■ **TASK**:
Everything in the data except the pictures belongs in your answer, copied exactly.

■ **INPUT DATA**:
○ ○ ○

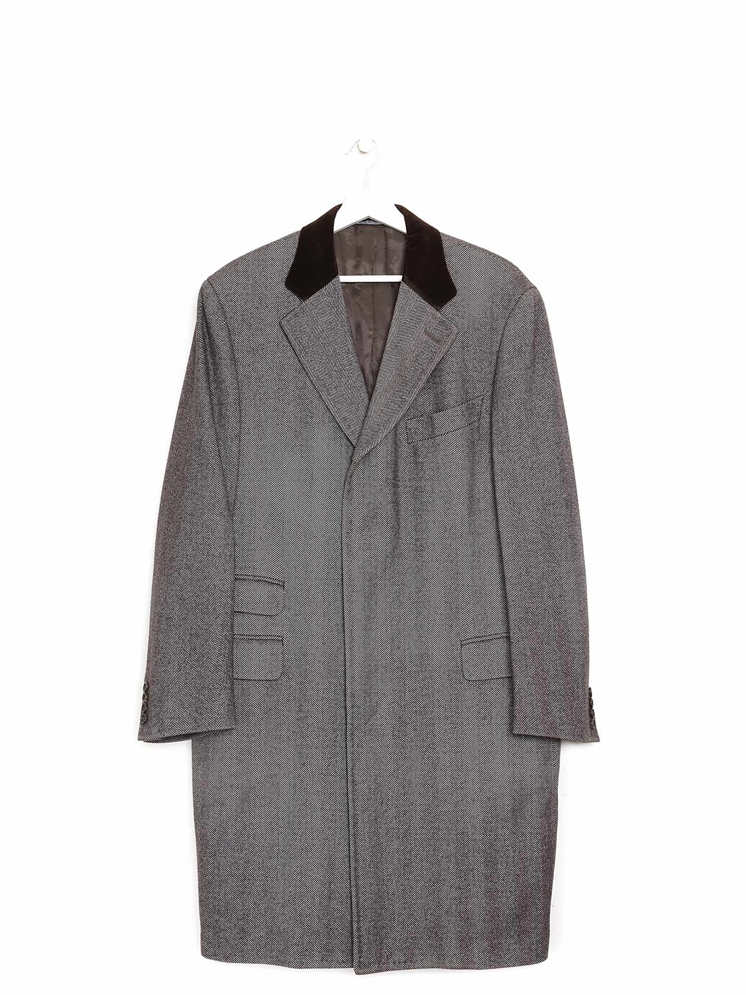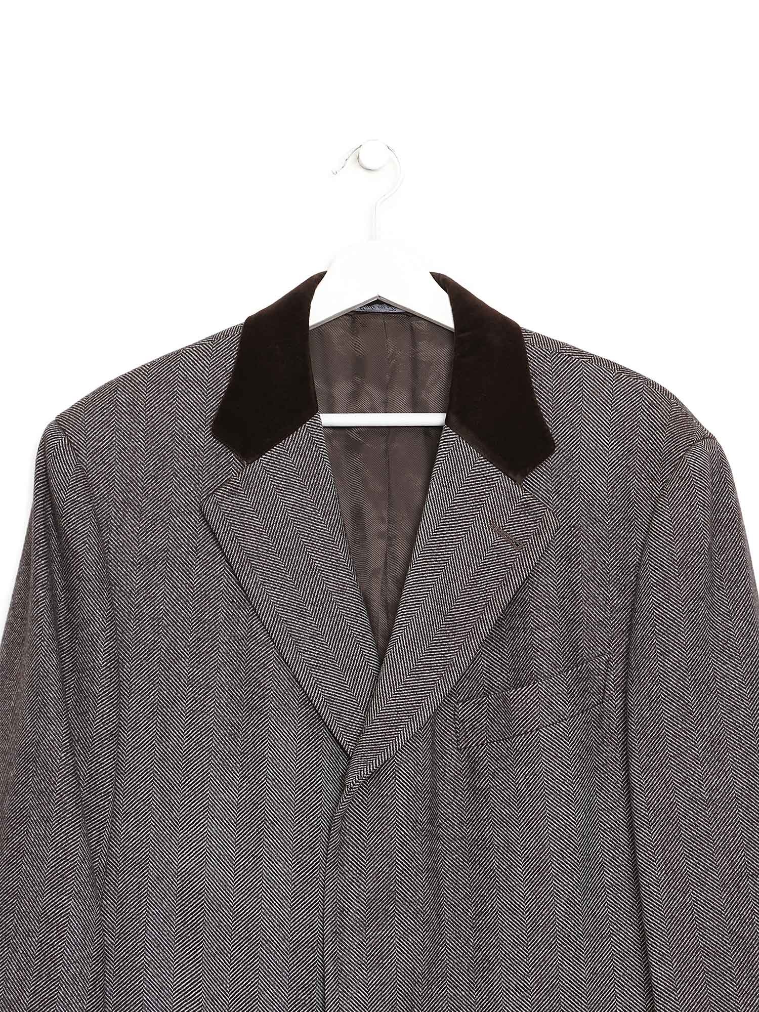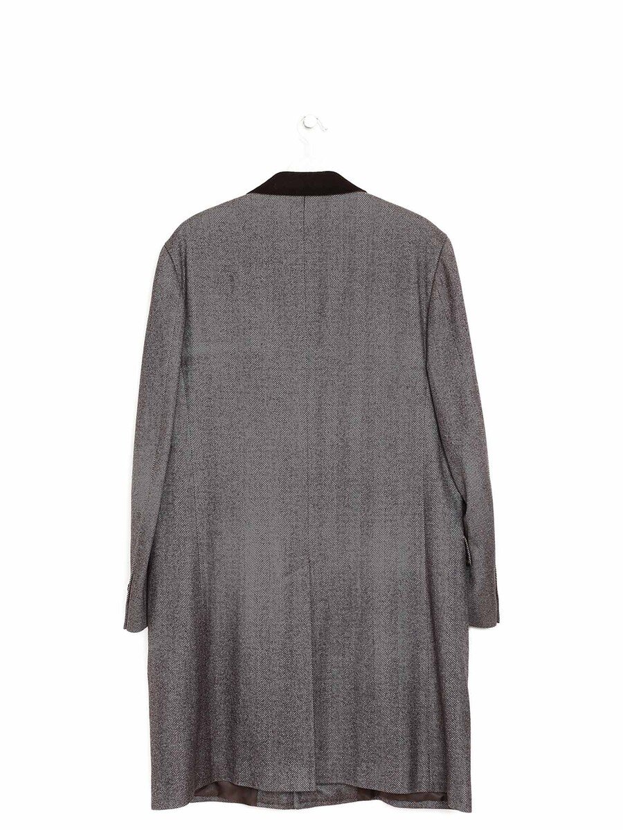 Long sleeve coat in plaid and check pattern. Features a button front closure and notched lapel collar. Flap pockets at the front.
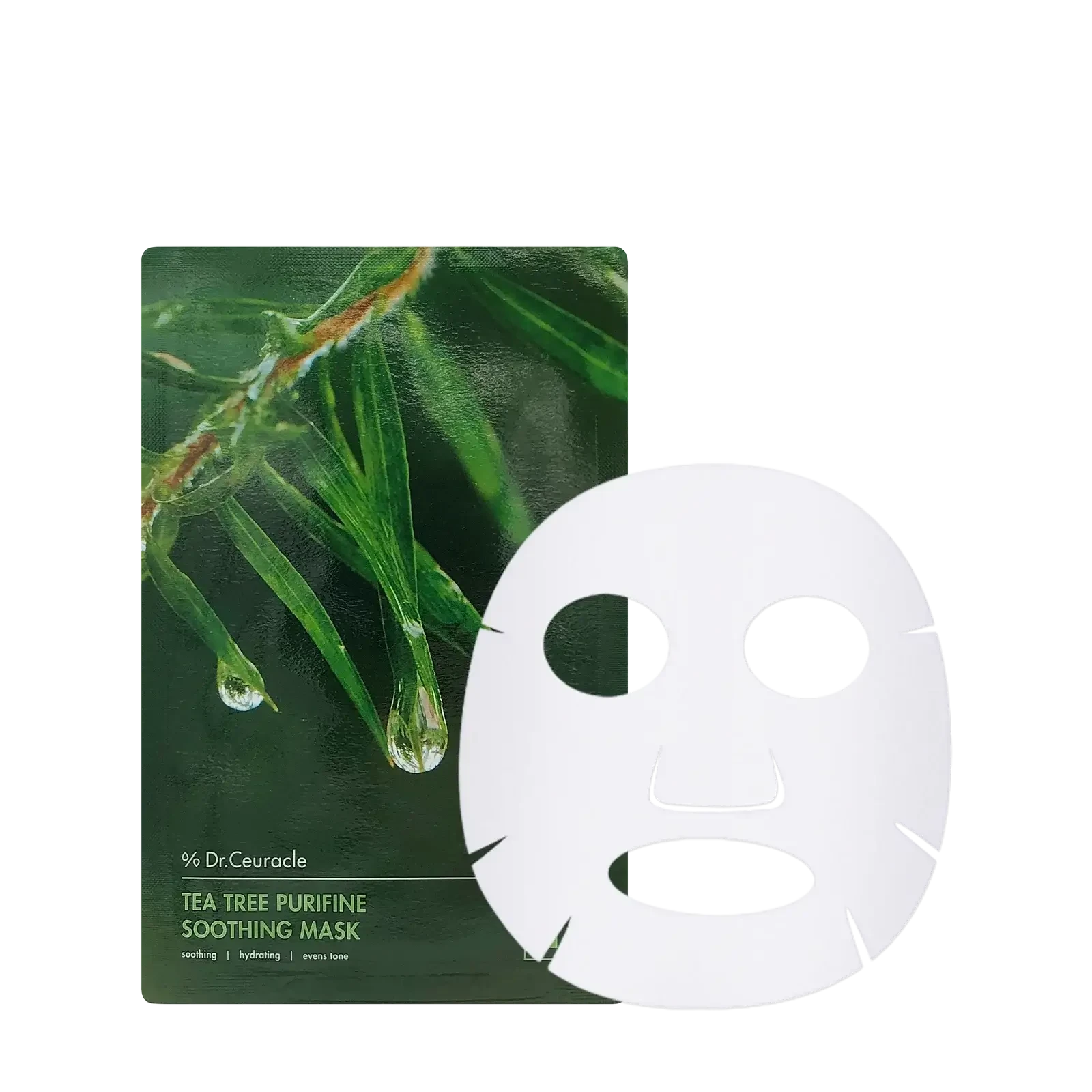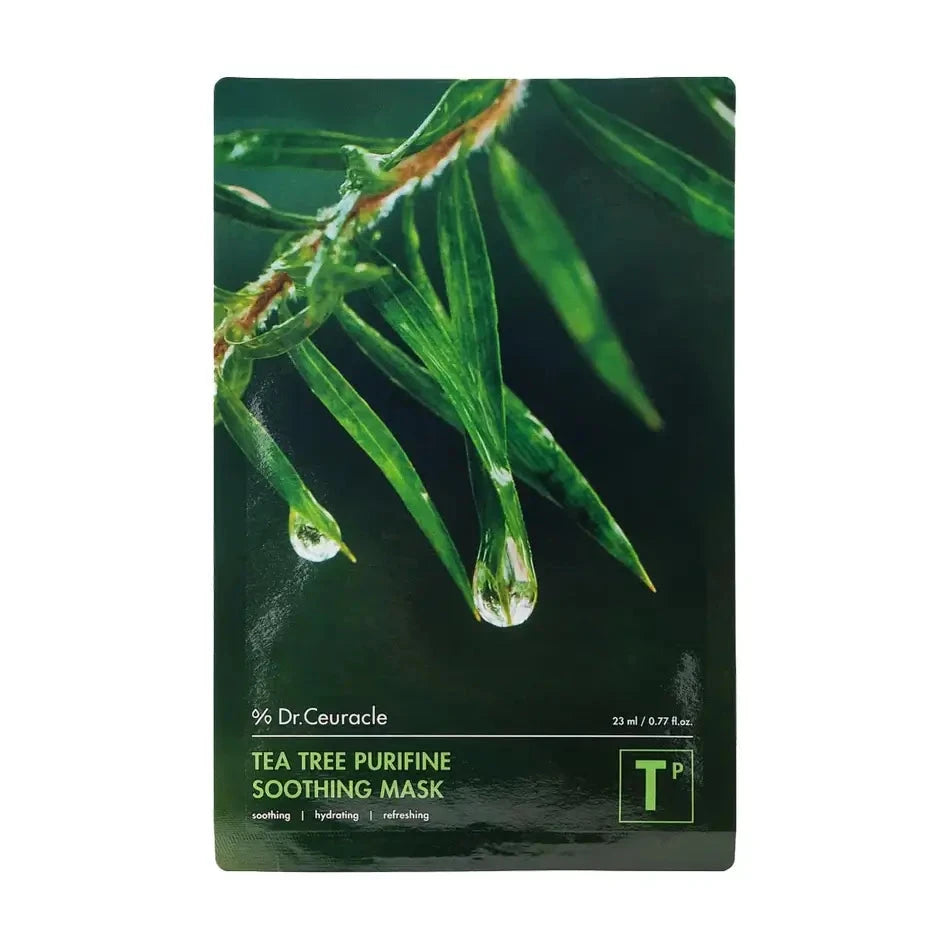 Auduma maska sejai, kuras pamatā ir tējas koka un ginko biloba ekstrakts Dr.Ceuracle Tea Tree Purifine Soothing Mask, palīdz nomierināt problemātisku ādu, mazina iekaisumu un apsārtumu, kurus izraisījuši tādi faktori, kā, piemēram, stress, kairinājums un negatīvā ārējā vide. Palīdz mazināt ādas taukošanos, sašaurina poras, vienlaicīgi mitrinot un aizsargājot ādu no dehidrātācijas.
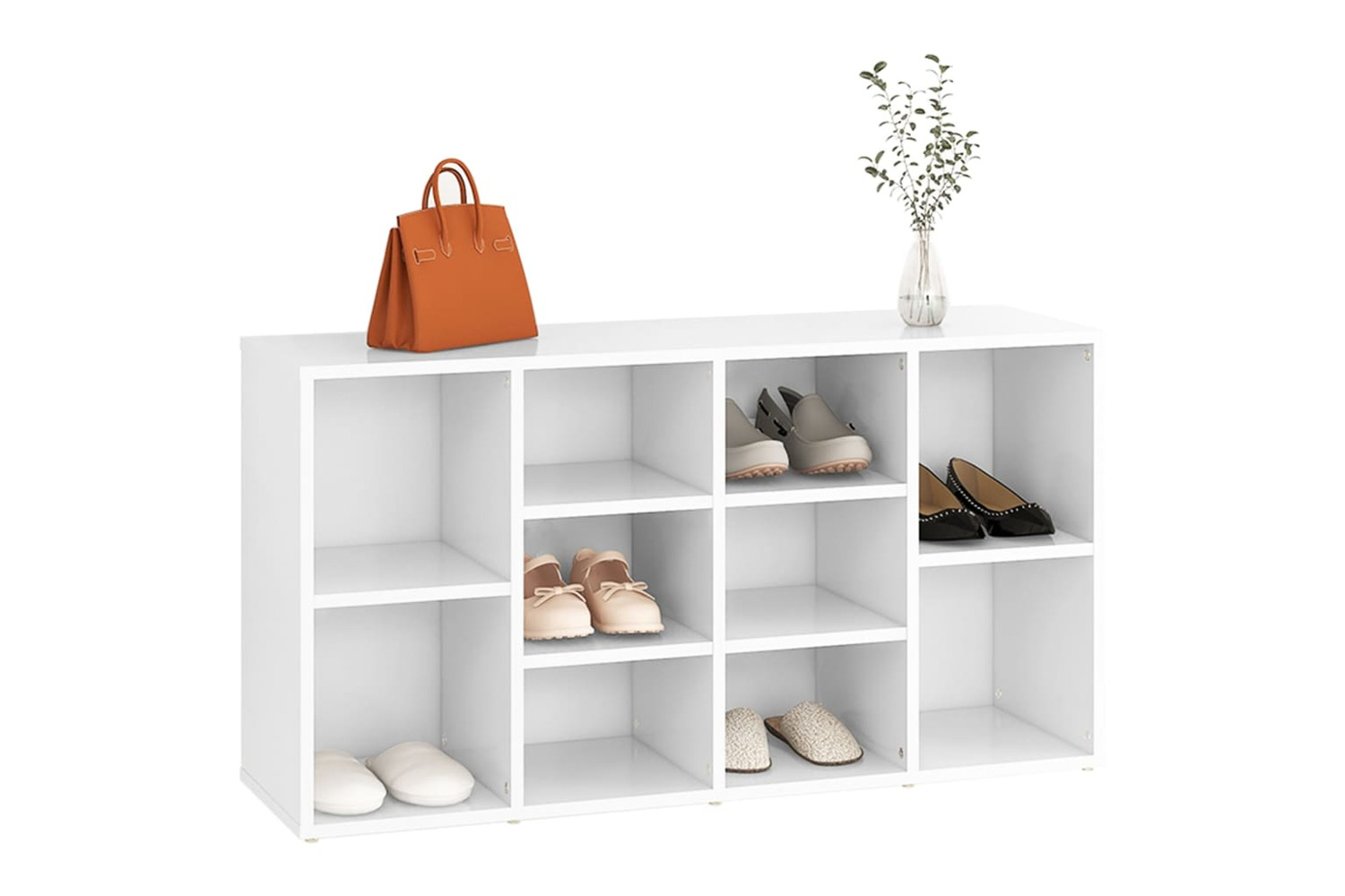 The shoe cabinet features 10 Shelf, offering ample space to store your shoes. The sturdy top is ideal for keeping your essentials or other decorative items. Additionally, the shoe organiser is easy to clean with a damp cloth.

○ ○ ○

■ **ANSWER SPACE**:
 Long sleeve coat in plaid and check pattern. Features a button front closure and notched lapel collar. Flap pockets at the front.
 Auduma maska sejai, kuras pamatā ir tējas koka un ginko biloba ekstrakts Dr.Ceuracle Tea Tree Purifine Soothing Mask, palīdz nomierināt problemātisku ādu, mazina iekaisumu un apsārtumu, kurus izraisījuši tādi faktori, kā, piemēram, stress, kairinājums un negatīvā ārējā vide. Palīdz mazināt ādas taukošanos, sašaurina poras, vienlaicīgi mitrinot un aizsargājot ādu no dehidrātācijas.
 The shoe cabinet features 10 Shelf, offering ample space to store your shoes. The sturdy top is ideal for keeping your essentials or other decorative items. Additionally, the shoe organiser is easy to clean with a damp cloth.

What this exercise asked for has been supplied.